_Exercise prompt_. All lines below starting at the one that holds "Map of projects" and ending at the one that holds "股市行情震荡,但是易方达全球" should be printed exactly, ends included. Pictures should not be printed, nor anything else.

*** Opening of Data provided ***

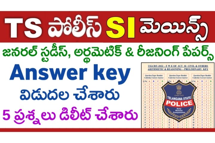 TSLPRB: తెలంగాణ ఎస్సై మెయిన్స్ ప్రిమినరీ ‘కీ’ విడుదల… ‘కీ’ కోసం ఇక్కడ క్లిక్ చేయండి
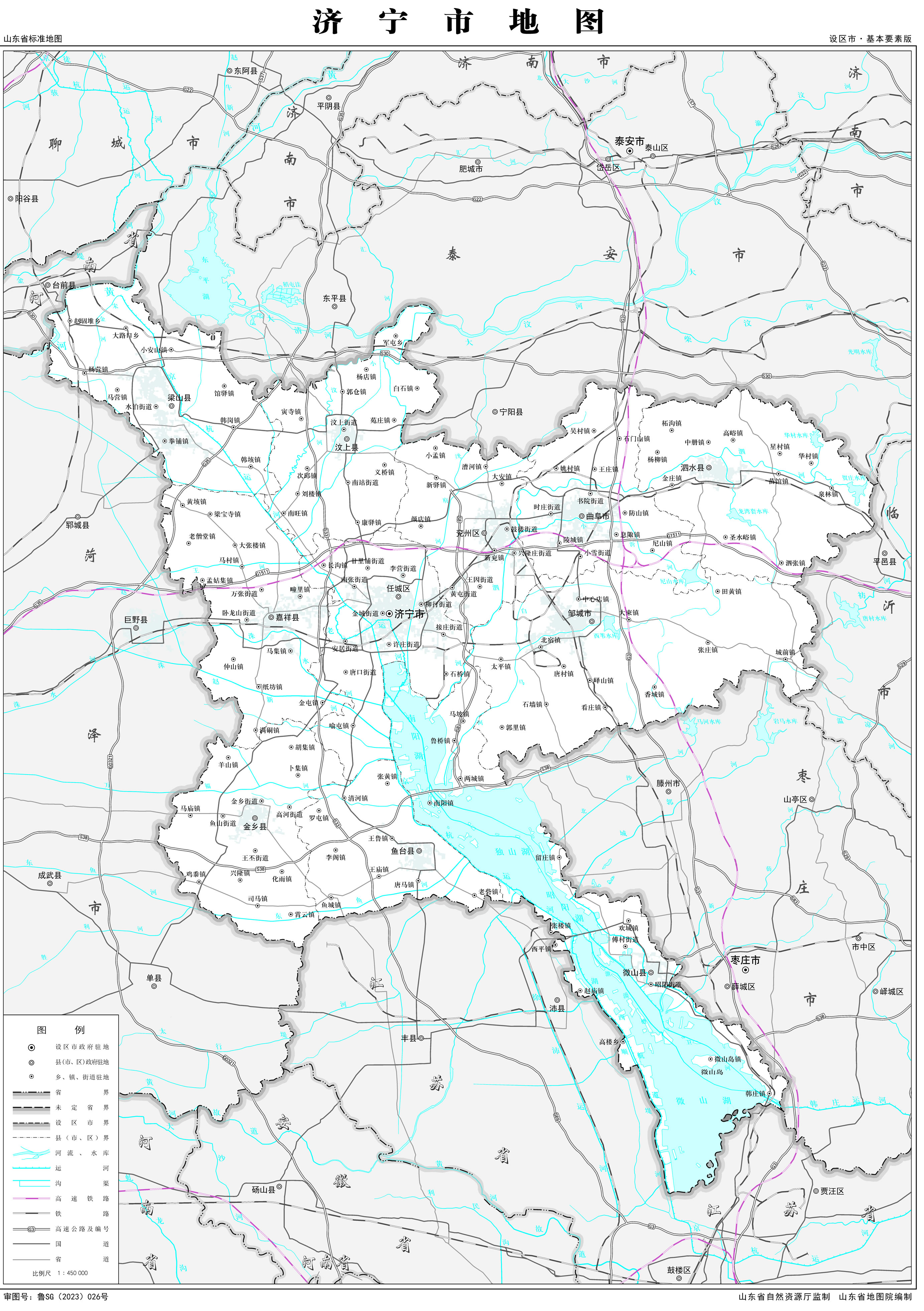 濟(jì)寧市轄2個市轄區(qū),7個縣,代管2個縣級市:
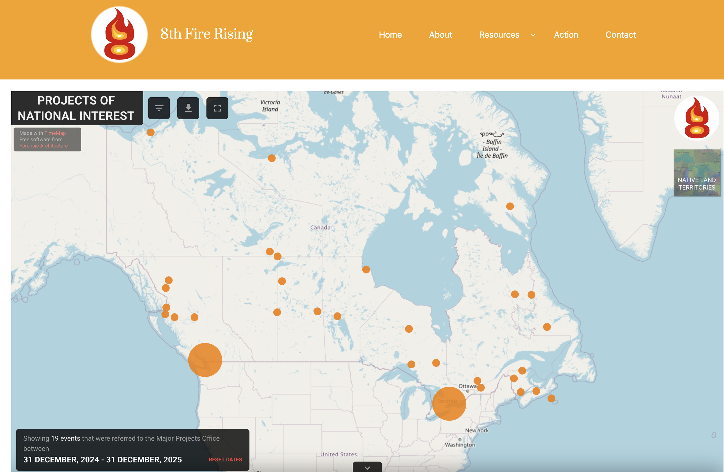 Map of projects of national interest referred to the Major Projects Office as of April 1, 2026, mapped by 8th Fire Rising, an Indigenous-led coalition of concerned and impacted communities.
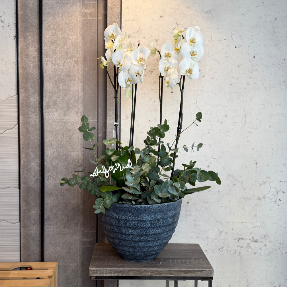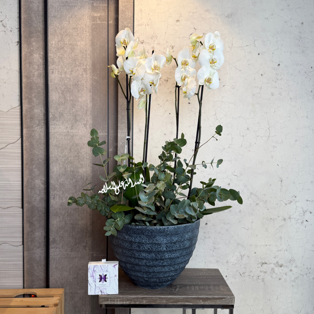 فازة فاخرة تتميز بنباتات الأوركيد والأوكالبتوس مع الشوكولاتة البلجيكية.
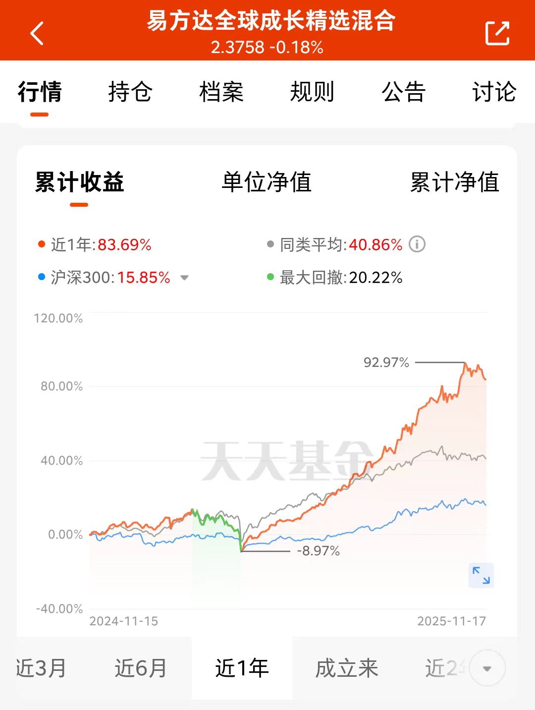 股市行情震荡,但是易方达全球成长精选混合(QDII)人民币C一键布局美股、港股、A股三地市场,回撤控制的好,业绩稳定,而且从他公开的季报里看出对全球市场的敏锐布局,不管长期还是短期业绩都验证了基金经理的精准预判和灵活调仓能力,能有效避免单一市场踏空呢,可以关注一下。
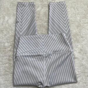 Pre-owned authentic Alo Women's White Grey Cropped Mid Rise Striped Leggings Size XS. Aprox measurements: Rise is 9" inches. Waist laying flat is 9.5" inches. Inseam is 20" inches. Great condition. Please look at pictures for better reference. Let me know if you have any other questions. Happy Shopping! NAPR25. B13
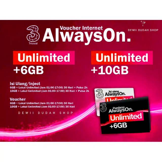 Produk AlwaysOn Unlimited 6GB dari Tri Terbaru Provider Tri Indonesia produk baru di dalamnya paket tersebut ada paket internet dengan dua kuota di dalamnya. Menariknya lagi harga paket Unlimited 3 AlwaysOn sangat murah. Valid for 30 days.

*** Close of Data provided ***

_Answer to the exercise_.
 Map of projects of national interest referred to the Major Projects Office as of April 1, 2026, mapped by 8th Fire Rising, an Indigenous-led coalition of concerned and impacted communities.
 فازة فاخرة تتميز بنباتات الأوركيد والأوكالبتوس مع الشوكولاتة البلجيكية.
 股市行情震荡,但是易方达全球成长精选混合(QDII)人民币C一键布局美股、港股、A股三地市场,回撤控制的好,业绩稳定,而且从他公开的季报里看出对全球市场的敏锐布局,不管长期还是短期业绩都验证了基金经理的精准预判和灵活调仓能力,能有效避免单一市场踏空呢,可以关注一下。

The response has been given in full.